The snow that had fallen across the Midwest is mostly gone now, according to the National Operational Hydrologic Remote Sensing Center in Chanhassen, Minnesota. As a result, there won’t be a large melt-off later to combine with heavy spring rains.

As of Monday, only 9.5 percent of the contiguous U.S. was covered by snow, and almost all of that was in the Northeast, where Boston achieved a snowfall record this weekend with 108.6 inches (2.8 meters) for the season.

“We have got a lot of questions about the Northeast, but that doesn’t flow into the Mississippi,” Graschel said.

While the Ohio is often the dominant contributor to water in the lower Mississippi, it typically takes high levels from both the Ohio and from the upper Mississippi, which combines with the Missouri River north of St. Louis, to spark a memorable flood further south.

The Mississippi and Missouri form the fourth-largest river in the world, and with their tributaries create a watershed that covers about 40 percent of the contiguous U.S., according to the National Park Service.

Wild Side

All the work the U.S. Army Corps of Engineers has put into controlling the Big Muddy makes it seem sometimes about as natural as the plumbing in the house. However, the river has a wild side that refuses to be tamed, and that became very apparent in 2011.

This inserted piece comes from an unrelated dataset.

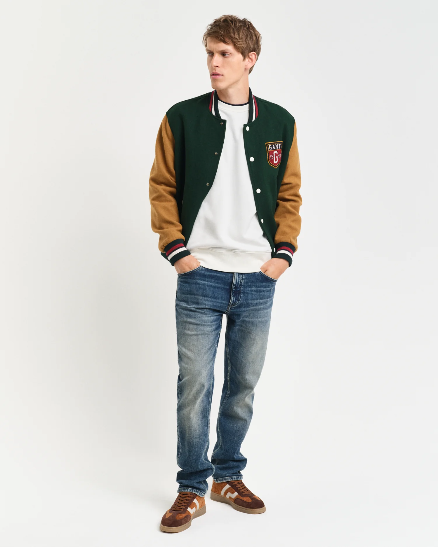 Featuring a small-scale shield graphic embroidered at the chest, this crew neck sweatshirt is detailed with ribbing at the neck, sleeve cuffs, and hem.
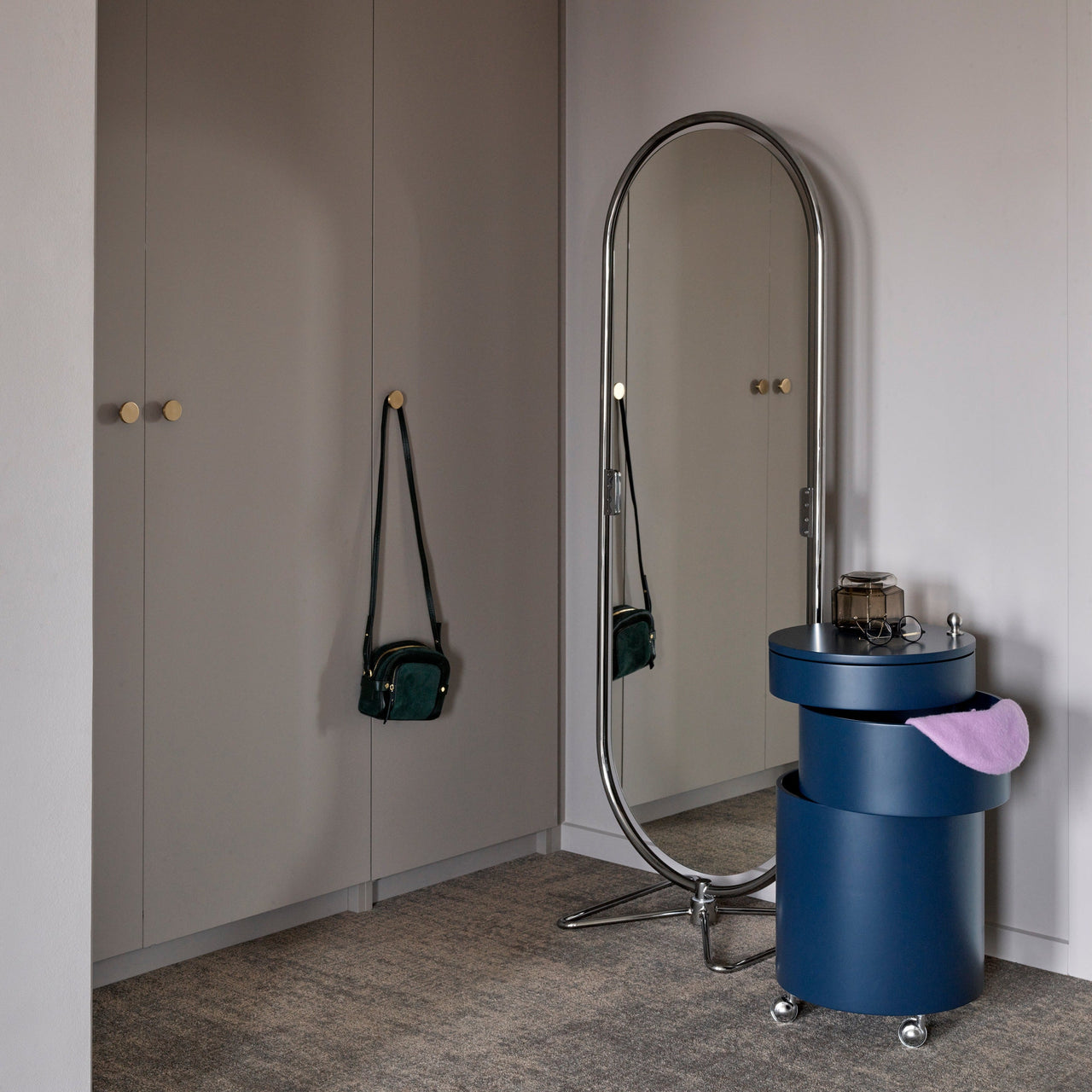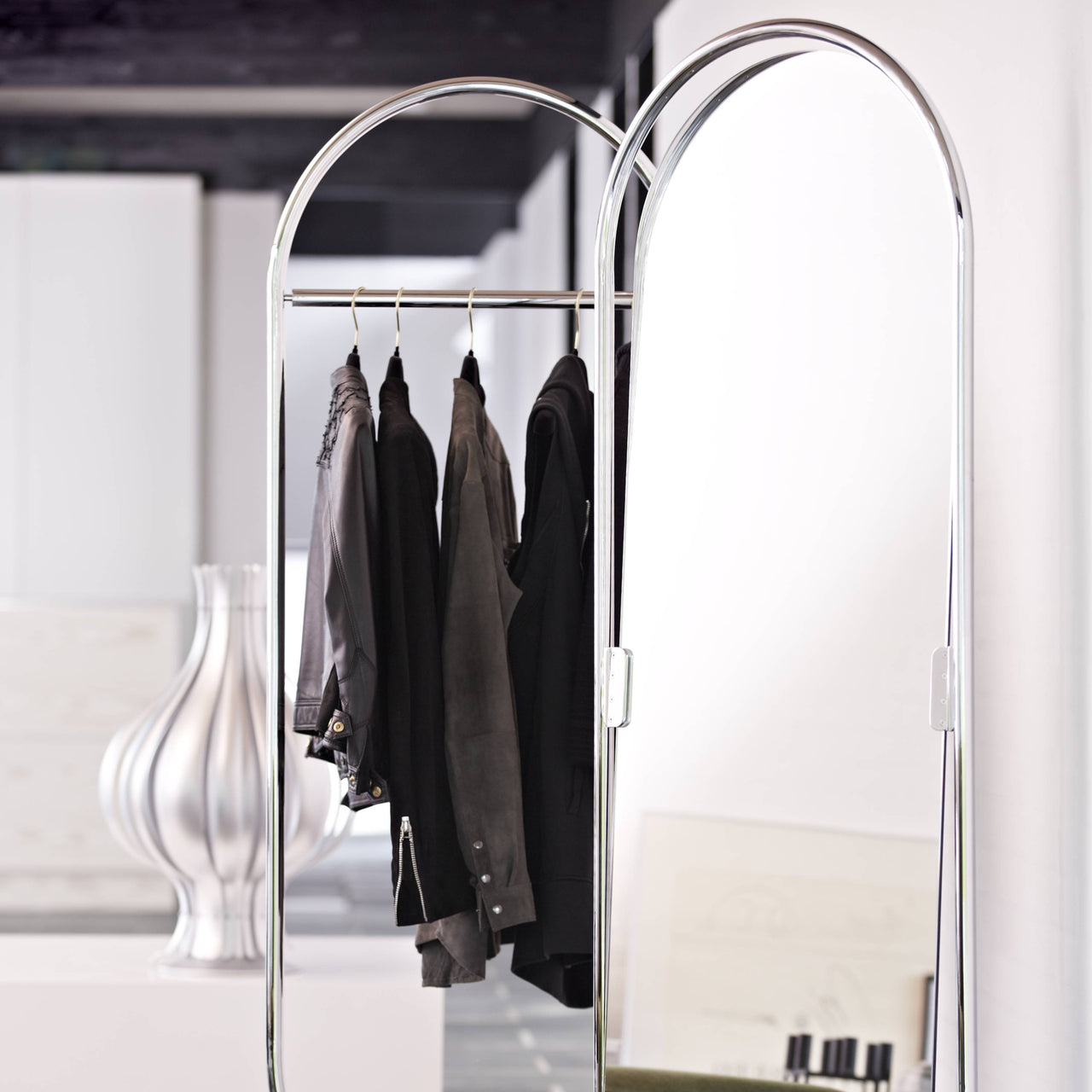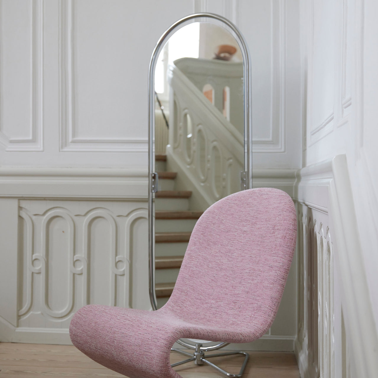 Design giant Verner Panton's System 1-2-3 Mirror takes its oval shape from his iconic seating series of the same name (which originally reflected the 3 versions of the chair). With its form traced by a chrome-plated frame, the double-sided floor mirror features a tilt function and pivots easily on its butterfly swivel base. An elegant accoutrement for the dressing area, bathroom or bedroom, the circa-1973 effort from the prolific Panton is also a rightful piece of design history.

That year, the Corps, seeking to prevent flooding in New Orleans, had to open spillways along its banks, including the Morganza floodway that allows water to flow into central Louisiana and be drawn into the Atchafalaya River, which also empties into the Gulf. It was the first time since 1973 that the Morganza had been opened.

A flood along the Mississippi can have an enormous impact on the movement of goods across the U.S. Barges on the Mississippi handle about 60 percent of the nation’s grain exports entering the Gulf of Mexico through New Orleans, as well as 22 percent of its petroleum and 20 percent of its coal.

Crossing Places

Beyond that, as the water spills from its banks it can cut highways and rail lines. Almost everything on the ground that moves from one end of the U.S. to the other has to go over the Mississippi at some point.

Flood warnings and advisories are posted along the banks of both rivers all the way down to Louisiana, the National Weather Service said.

Moderate flooding has begun in Cairo, the weather service said. The river gauge was at 47.52 feet on Monday and is expected to reach 48.5 feet Wednesday, 8 feet above flood stage.

At the southern end of the river, the Corps of Engineers will probably enter Phase I flood control by Tuesday. The Corps will then begin inspecting levees, and any excavations or pile-driving within 1,500 feet of a levee will also require a permit to continue, said Ricky Boyett, spokesman for the Corps New Orleans District.

The maximum crest is forecast for 14 feet by the March 31, which is a foot below where the Corps would enter its second phase.

Graschel said while the current flooding is more in line with the river’s typical ebb and flow, it should raise everyone’s level of awareness.

“We have to keep a close eye on things,” Graschel said. “If we do get a significant amount of rain, things could change.”